Compromise Is Everything
We've been taught over the years that
healthy relationships are all about compromise, or that they're built upon two people who are willing to bend for each other no matter what. But that's not an entirely healthy notion to hold.
"In most cases, compromise is great advice to get along in a relationship," Bennett says. "However, in some cases, you shouldn’t compromise, especially if you feel strongly about a topic or a compromise might violate your core values. Sometimes, the answers are black and white and it’s a matter of sticking to your guns."
By refusing to compromise when something means a lot to you, you'll prevent resentment from taking over your relationship. And you and your partner will have more respect for each other, and feel closer as a result.

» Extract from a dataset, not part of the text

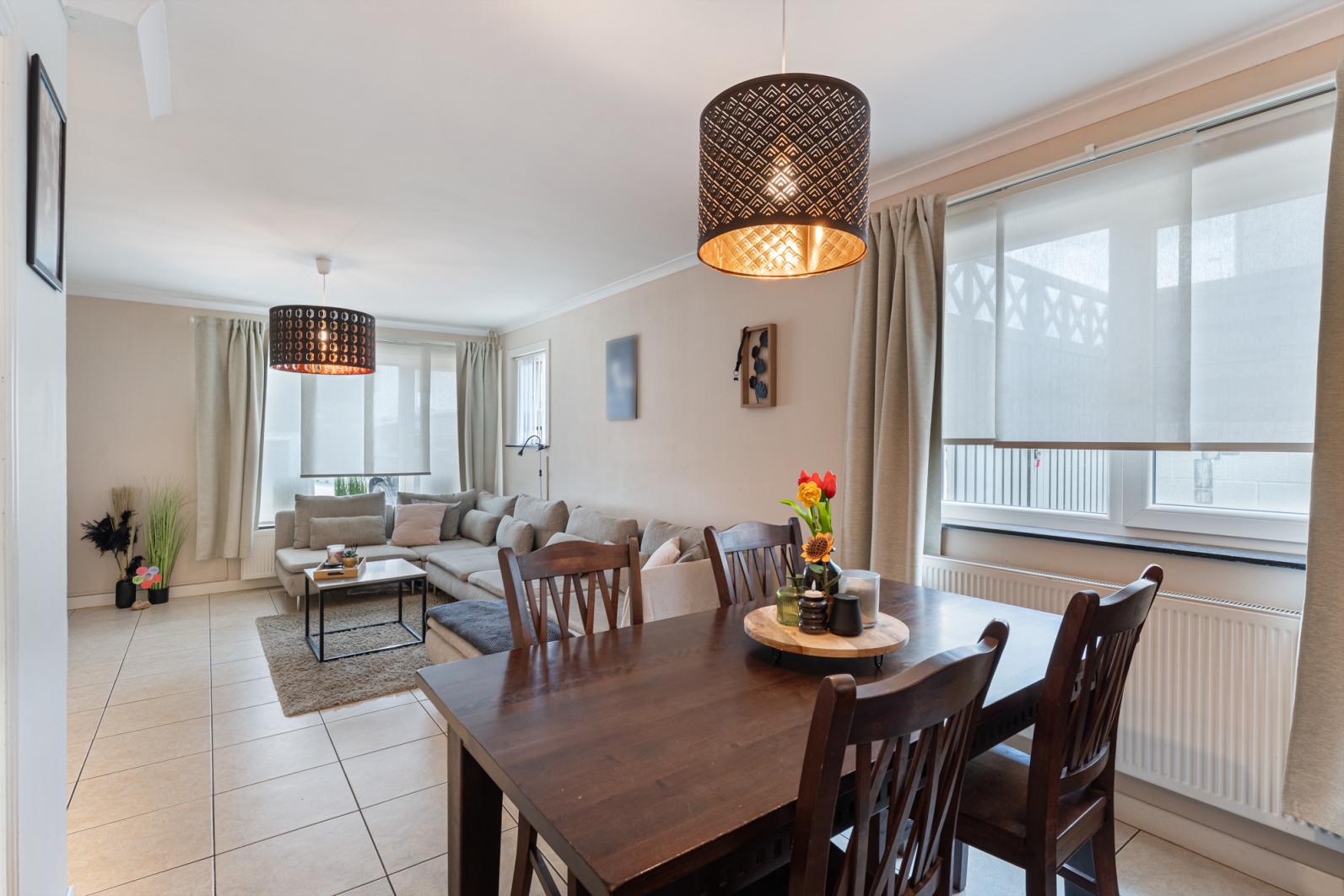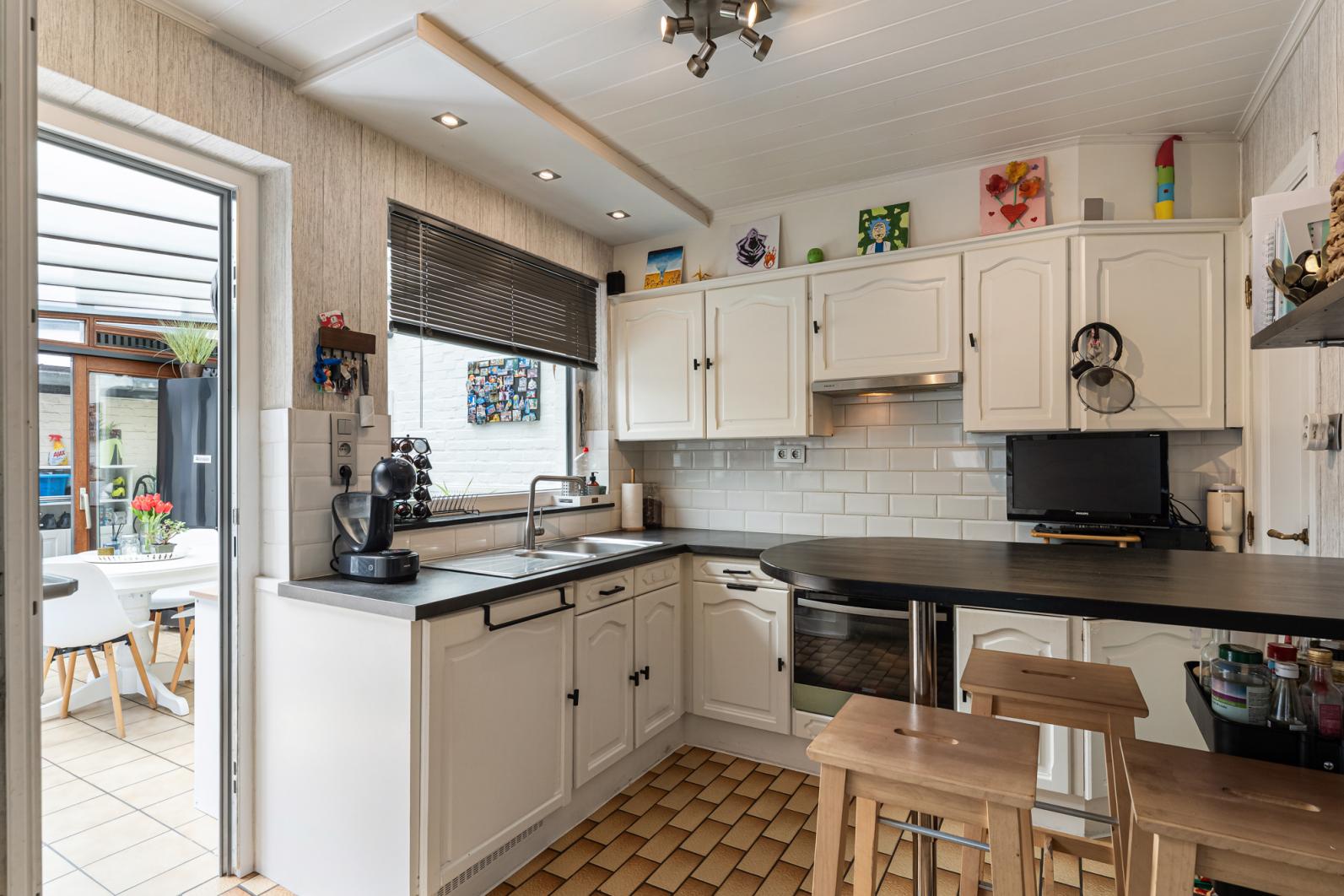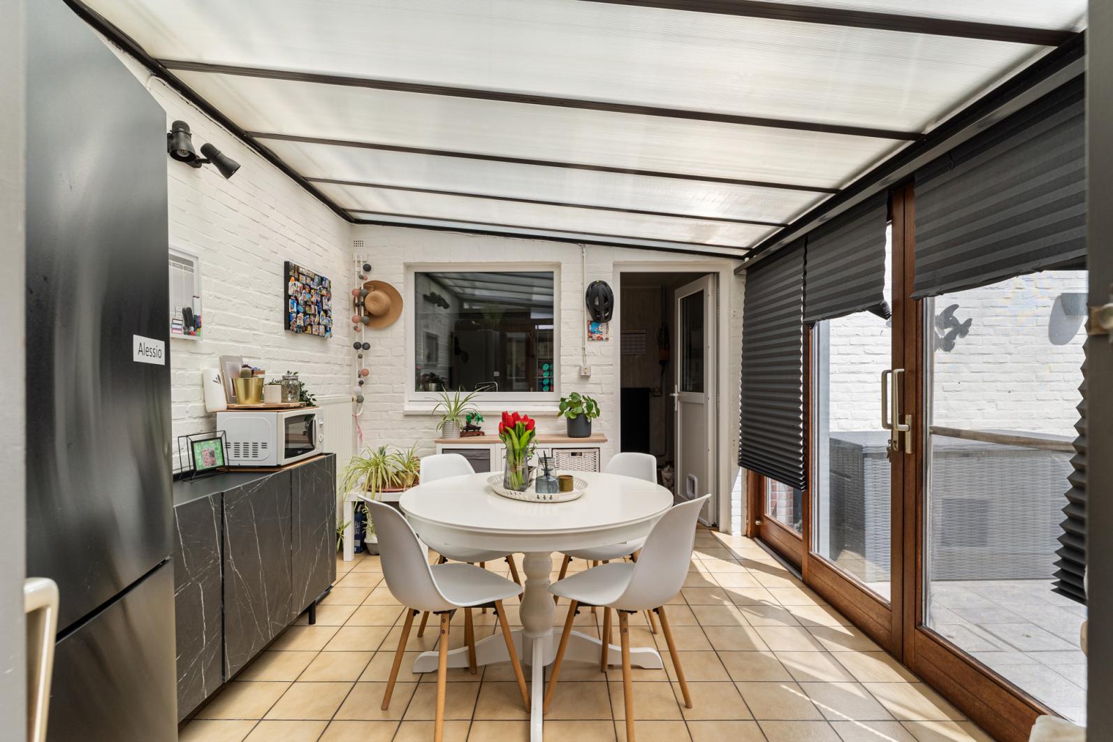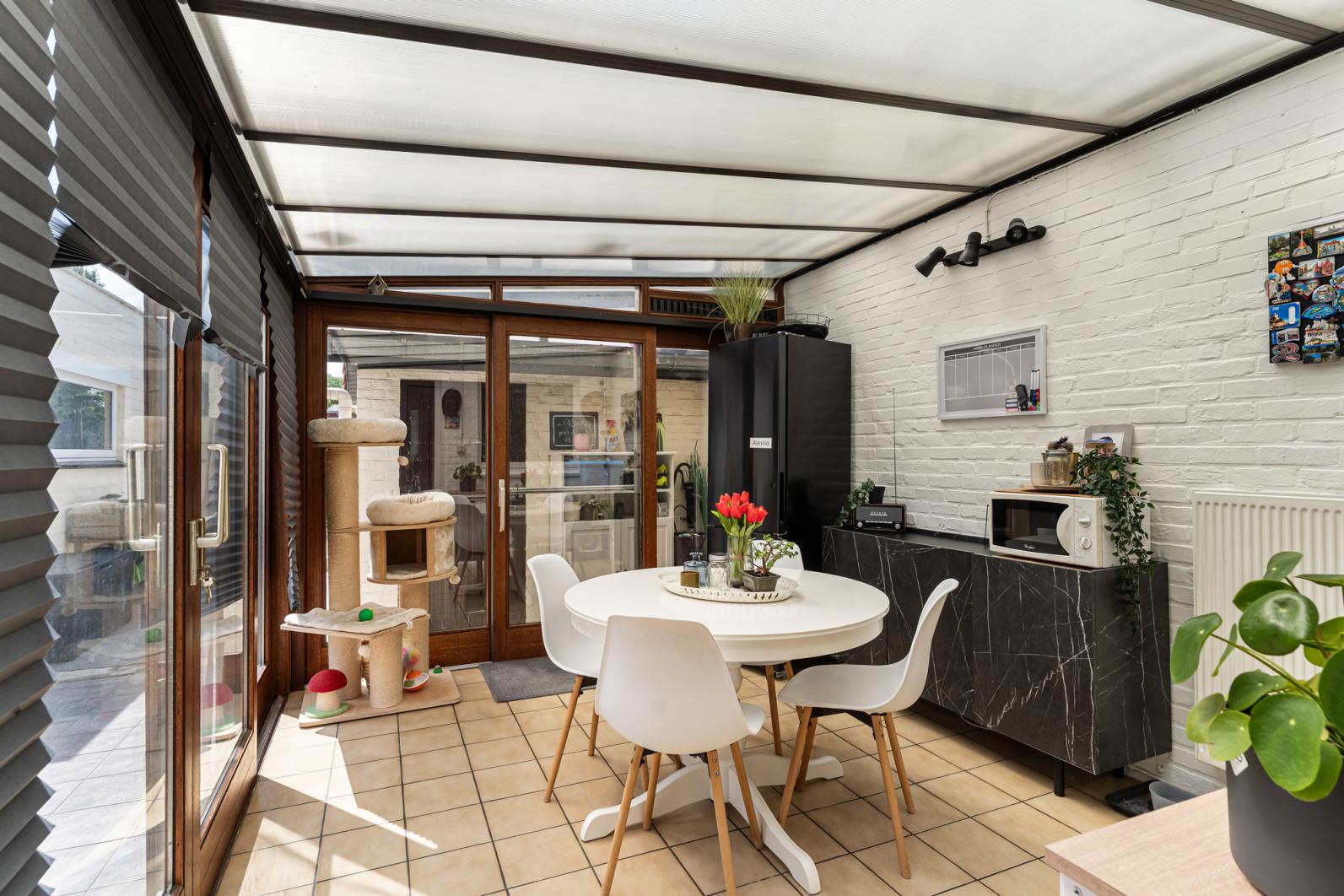 Binnenin vinden we een warme en functionele indeling, perfect voor een gezin. De gezellige zithoek en eethoek sluiten mooi aan op de keuken, waardoor je een open en huiselijke sfeer ervaart. Via de veranda, een echte troef in de tussenseizoenen,geniet je van het zicht op het terras in alle comfort.

Love Means Never Having To Say You're Sorry
Another trap many couples get caught up in, is the idea that
you don't have to apologize. In reality, "the opposite of this book and movie quote is actually true," Bennett says. "Sharing a deep love for another person doesn’t excuse you from having to admit your faults and taking ownership of your role in relationship problems. Love means you want to say sorry when you know you’re in the wrong."
Perhaps one of the most important rules to break is the idea that "love conquers all," since it suggests you don't need to put in any work or make any effort, as long as you're in love.
"Obviously you should love your partner, but you can’t expect your love for each other to keep the relationship strong," Bennett says. "In many cases, love can blind you to problems in your relationship that need fixed. For example, there are cases where setting boundaries and being assertive are more important to relationship success than feelings of love."
You Have To Spend A Lot Of Money To Prove Your Love
While it's fine to buy each other gifts and go out for fancy dinners, the whole "spending money" rule isn't one you have to abide by, if you don't want to.
As Bennett says, "It’s an established expectation that you have to spend big on your partner on certain days (anniversaries, Valentine’s Day, etc.). But, in reality, grand gestures on those days mean very little if the relationship is unhealthy on a day-to-day basis. It’s better to consistently show love and passion than to make a giant fuss on major milestones."
By being there for each other in meaningful ways every day, instead of going all out on big holidays, you'll be giving your relationship exactly what it needs. Which is really what breaking these rules is all about, anyway. Even though there are lots of ideas floating around that feel set in stone, it's up to you and your partner to figure out what works best for
your relationship — even if means breaking a few rules.